The music/The Score  – as with other scores of mine there is no written notation – I don’t read or write music myself. Instead I rely on each musicians individual talents and  ability to improvise and/or to learn certain sections by ear and follow hand signals, prompts and other visual cues. I am always open to suggestions as well. The score is in the form of a storyboard with groups or individual musicians being given sections where they play. There is a resider who narrates the text and duration is arbitrary and worked out in rehearsal but it usually last about one hour.

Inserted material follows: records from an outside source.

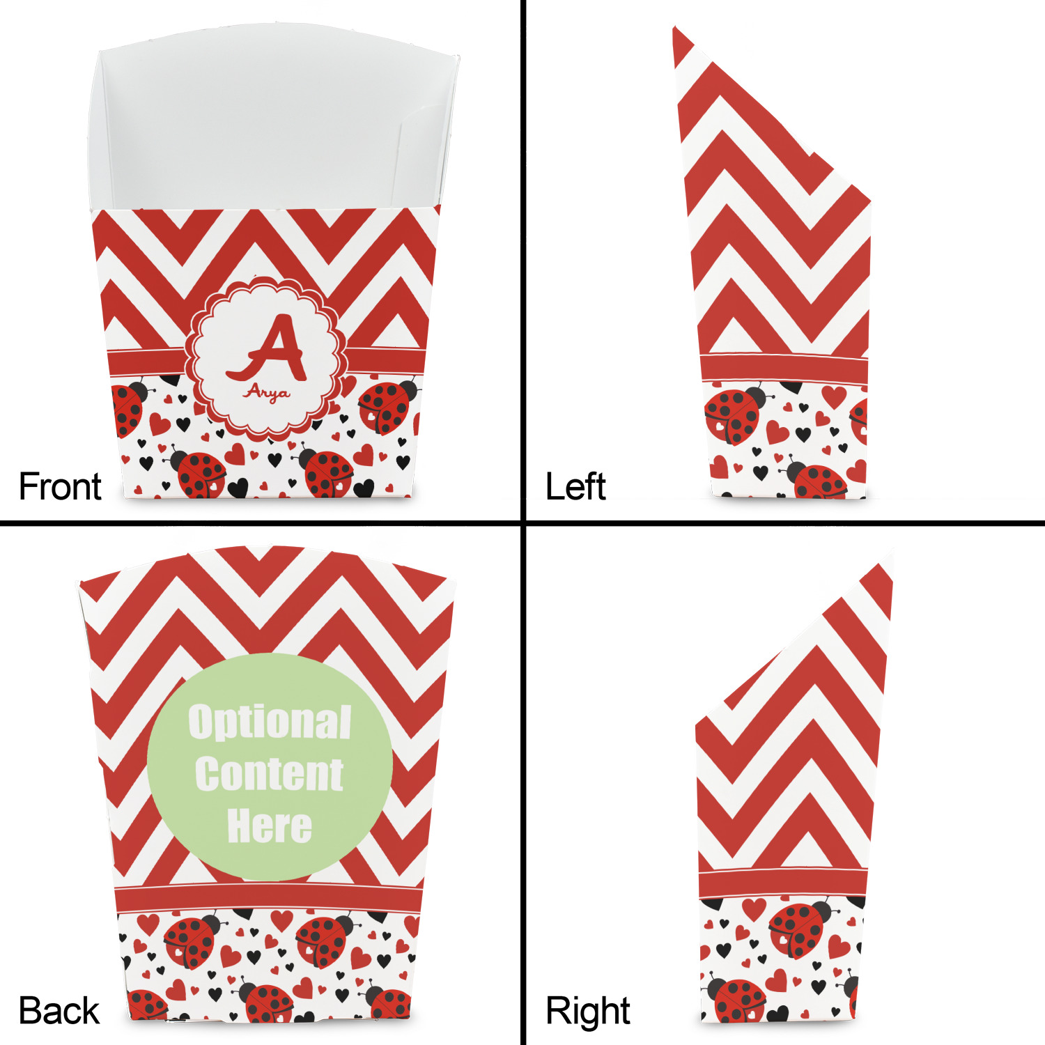 These favor boxes are printed in full color on quality cardstock - so coordinating the french fry favor boxes to match your event's themes or colors should be a breeze. You can upload your own design including artwork, logos or photos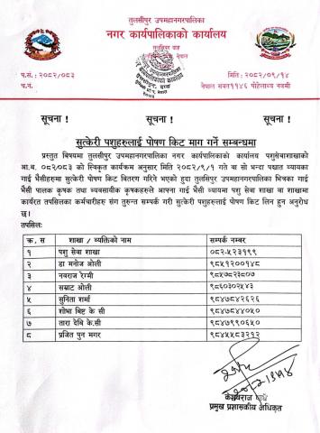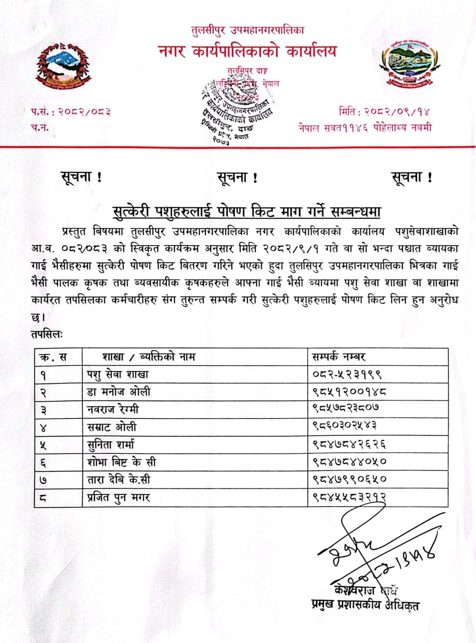 सुत्केरी पशुहरुलाई पोषण किट माग गर्ने सम्बन्धी सूचना २०८२/०९/१४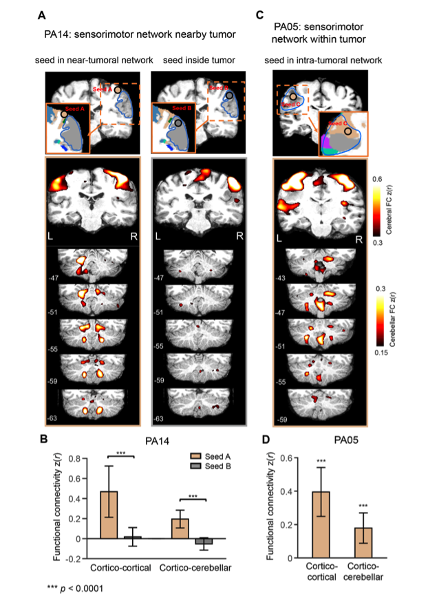 为了进一步验证瘤内功能区的脑功能连接,研究者选取了患者14(PA14)的两个相邻种子点,种子点A位于手部运动功能区,种子点B位于该患者的肿瘤网络。计算这两个种子点的功能连接网络结果表明手部运动区种子点与其对侧大脑和小脑的感觉运动区都具有强功能连接,相反种子点B的大脑皮层-皮层功能连接及与大脑-小脑功能连接都较弱。而另一些患者(PA05)的肿瘤内部存在运动感觉瘤内功能区,研究者选取了位于肿瘤内部运动功能区的种子点进行脑功能连接分析,结果表明该种子点与对侧大脑及小脑的手部感觉运动区均有强功能连接。证明有些病人的脑肿瘤内部仍保存了其脑功能。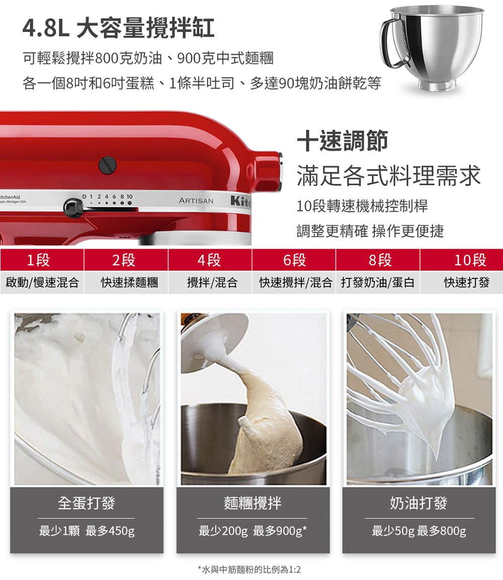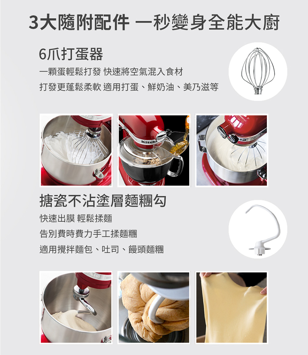 ■ 配件:4.8L不鏽鋼攪拌盆x1、打蛋器x1、平攪拌槳x1、麵糰鉤x1、透明碗罩x1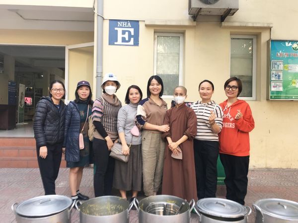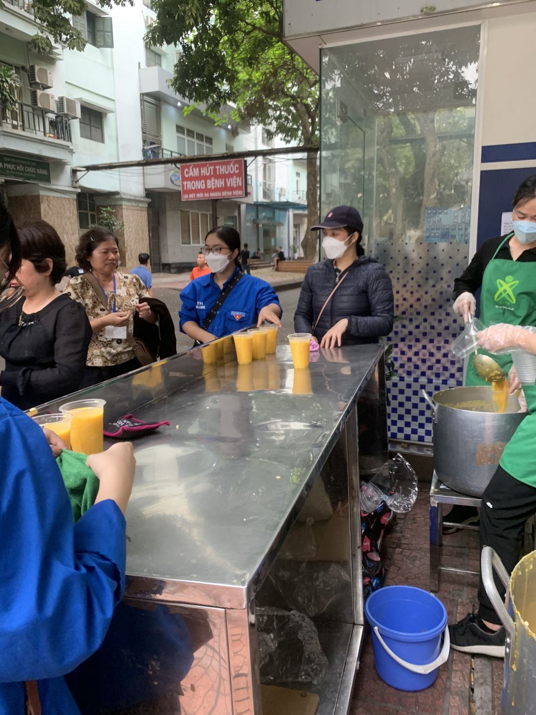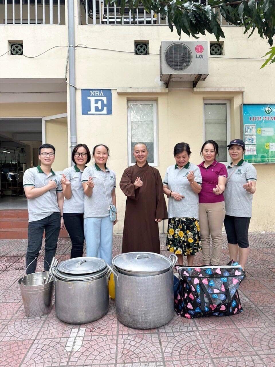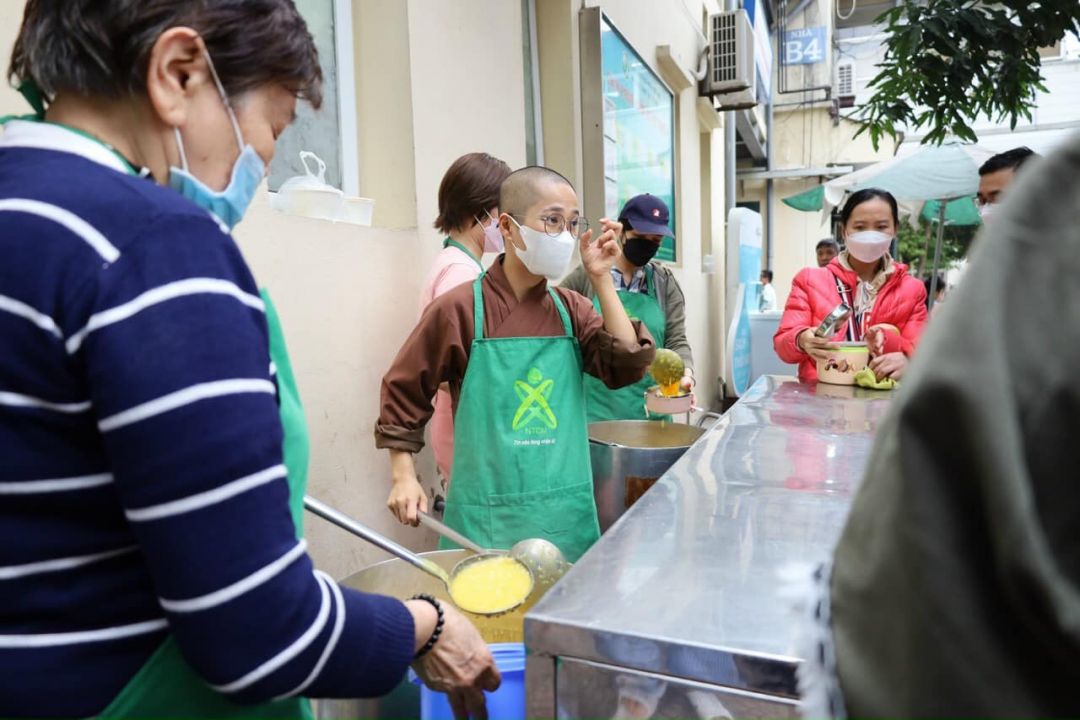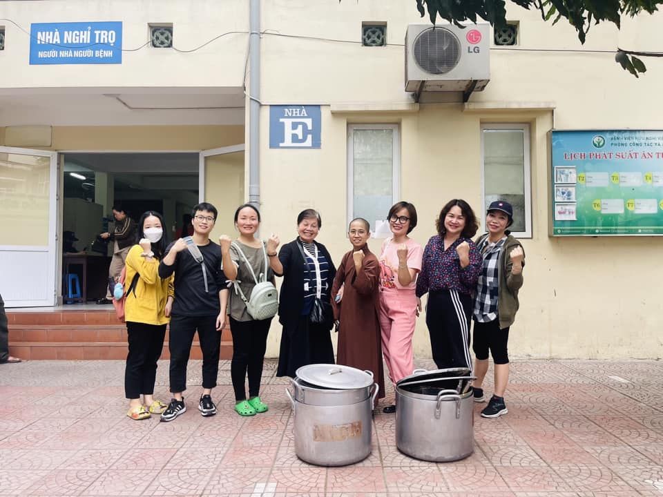 Tuần này có sư cô tham gia phát cháo tại bệnh viện. Leader có thêm trải nghiệm đi mời cháo tại các khoa của bệnh viện.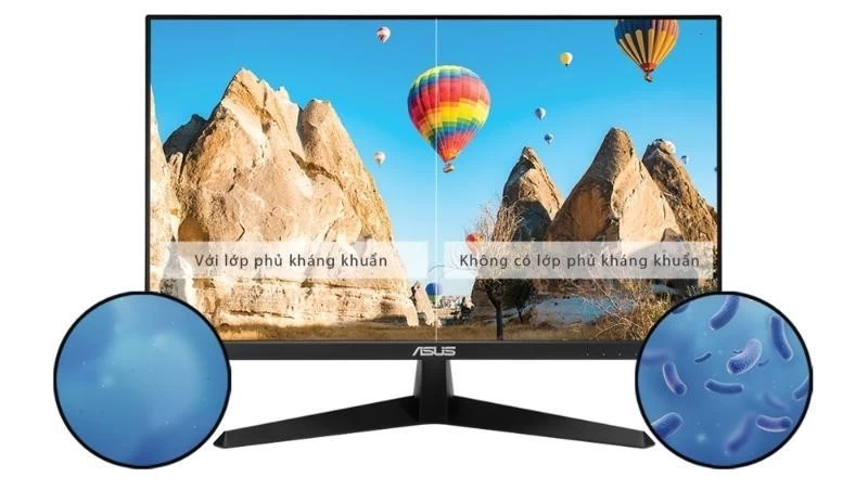 Một trong những ưu điểm của màn hình Asus VY279HE là thiết bị đã được tích hợp tính năng điều trị kháng khuẩn lâu dài. Điều này sẽ giúp cho phần viền và phím nóng trên màn hình có thể kháng khuẩn với ion bạc giúp ngăn chặn và giảm tỉ lệ bám dính của vi khuẩn lên đến 99.9%. Chính vì thế, các khu vực quan trọng mà người dùng hay chạm đến sẽ luôn được vệ sinh sạch sẽ và giảm khả năng lây lan của vi khuẩn có hại.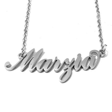 Collana con nome Margherita stampatello in acciaio cll0536s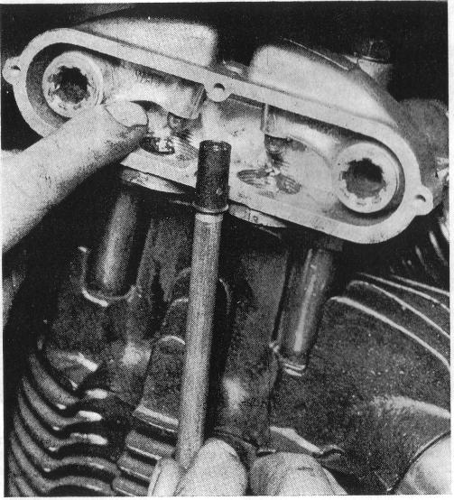 Figure 1 Shows an o.h.v. engine with the push rods removed. It will be noticed that two springs are fitted behind the cover to prevent side movement of the rockers. Whilst taking out the last pin from the rocker box, press on the cover to relieve the pressure of the springs on the latter.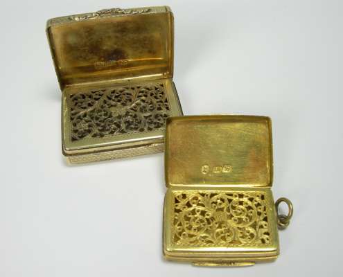 An early Victorian silver-gilt vinaigrette and another similar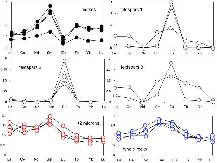 . Rare earth elemental patterns of the separated feldspars, biotites, <2 micron fractions and whole rocks from Plombières granite relative to the Post-Archean Australian Shales reference.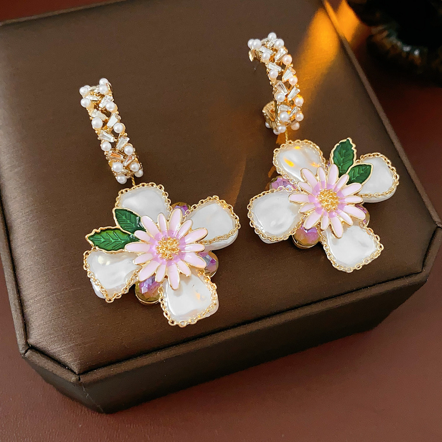 19# silver needle-golden-white-green-rhinestone pearl oil-spot glaze flowers pendant c- shaped stud earrings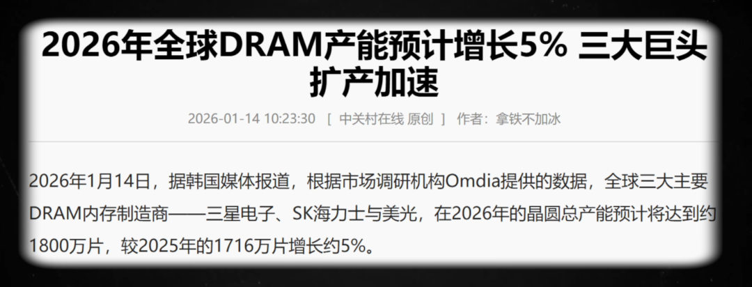 公开信息显示,2026年内存产能扩张上,海力士是8.5%,算是三家里面最高的,三星才4.5%。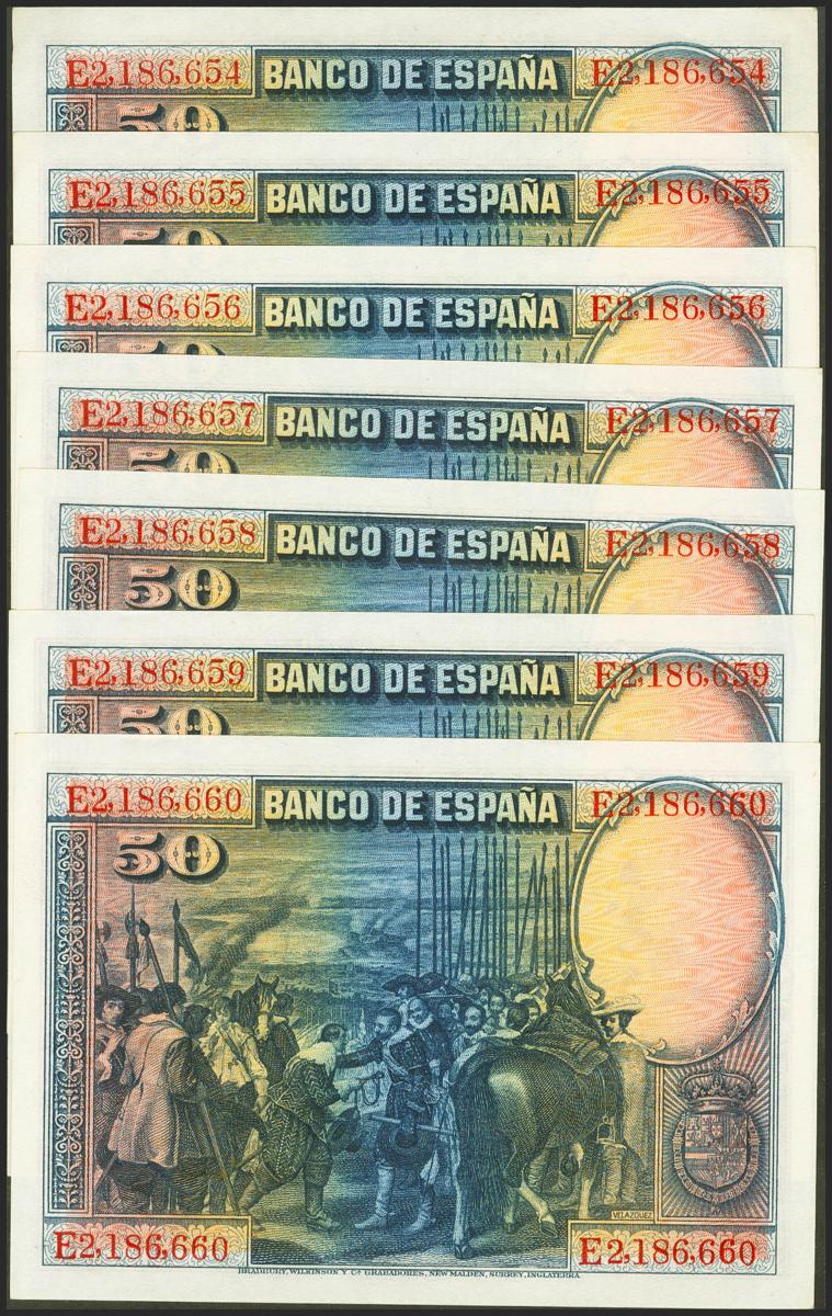 Conjunto de 7 billetes en tramos correlativos de 50 Pesetas emitidos el 15 de Agosto de 1928, con la serie E (Edifil 2021: 354), conservan gran parte de su apresto original. SC/EBC++.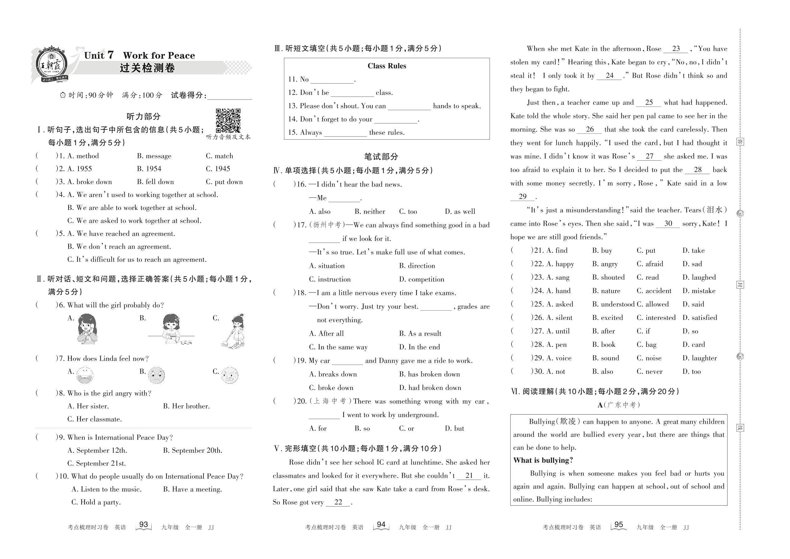 2022-2023学年九年级英语冀教版 Unit 7 过关检测卷

There is also an optional video/film  Planet Pacific which accompanies the piece as a backdrop which I shot on super eight film in various Pacific locations.
 
The text, originally in English, was translated into Italian for the RAI3 production. ABC Radio National in Australia also commissioned another version for their Night Air program with producer Brent Clough reading the text in English. This version used some of the original music from the RAI3 production plus new recordings and pieces from my own archive and the ABC’s archive.
 
 Beach Crossings – Pacific Footprints  – is meant to be performed live and with a flexible number of musicians. There have been live versions in Palermo/Sicily and Lisbon in Portugal. In Palermo in Sicily  the “Mike Cooper  Dedication  Orchestra”  was made  up of local Palermo musicians plus Elio Martusciello from the Rome performance and was part of a four day special dedication to myself and my music. Another  version was performed in Lisbon as a duet, with Paulo Raposo (from Sirr Records) reading the text in Portugese with myself playing all the music and reading in English, as part of the  RadialX Radio Arts Festival in September of 2008; a version was performed in Beirut with a group of Lebanese musicians and a reader reciting the text in Arabic. The English text version was performed with Brent Clough reading the text in Sydney Australia. 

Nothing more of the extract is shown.